I would have to say the same from what I can see of the neck in the second picture. I have never paid any attention to a hens tail so I do not know if they will fan out like a toms in the first picture.

I have seen one tom that had no sign of having even a black spot where the spurs should have been.

The beard is a lot heaver than most hen beards I have seen.


----------



## old graybeard (Jan 19, 2006)

Looks just like a bearded hen I shot years ago, she also had an 8" beard. Congrats!


----------



## Fred Bear (Jan 20, 2000)

thanks everyone!


----------



## 2Lungs (Mar 18, 2008)

If thats a hen she did a great job to look like a tom. Maybe its a morfadike or a crossdresser:yikes:


----------



## Fred Bear (Jan 20, 2000)

for those of you that think that is not a hen - you better be careful at what you shoot.

I really dont think a tom would only weigh 10-12 lbs with a 7.5" beard and no spurs.


----------



## dlbaldwin01 (Jan 12, 2008)

That bird looks exactly like the hen I shot in the fall. The hens have a fan that is like a toms they just very rarely ever fan it out, and it isnt as big as a toms fan. They also have blues and red colors in their heads they just look grey as there is not as much color as a tom has in the spring. If you hunt in the fall you will see that tom and hen heads are actually pretty close in color when it isn't mating season, toms just have more red than a hen does. 
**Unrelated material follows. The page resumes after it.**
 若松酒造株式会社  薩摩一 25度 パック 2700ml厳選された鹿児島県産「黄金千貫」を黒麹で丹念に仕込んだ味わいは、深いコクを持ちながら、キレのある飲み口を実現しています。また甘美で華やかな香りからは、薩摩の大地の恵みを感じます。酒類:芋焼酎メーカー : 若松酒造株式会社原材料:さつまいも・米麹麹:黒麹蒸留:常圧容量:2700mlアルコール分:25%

Fred too bad the smokey grey didn't have a beard because that would have been really sweet. Anyways congrats on a nice bearded hen!


----------



## Fred Bear (Jan 20, 2000)

I have seen the smokey gray for about 3 or 4 years now. I wish she would throw a smokey grey male.!!


----------



## Rev Doyle Israel (Feb 26, 2001)

Nice bird...........

rev Doyle


----------



## Henrik for President (Sep 21, 2009)

Good job, nice bird!
_Posted via Mobile Device_


----------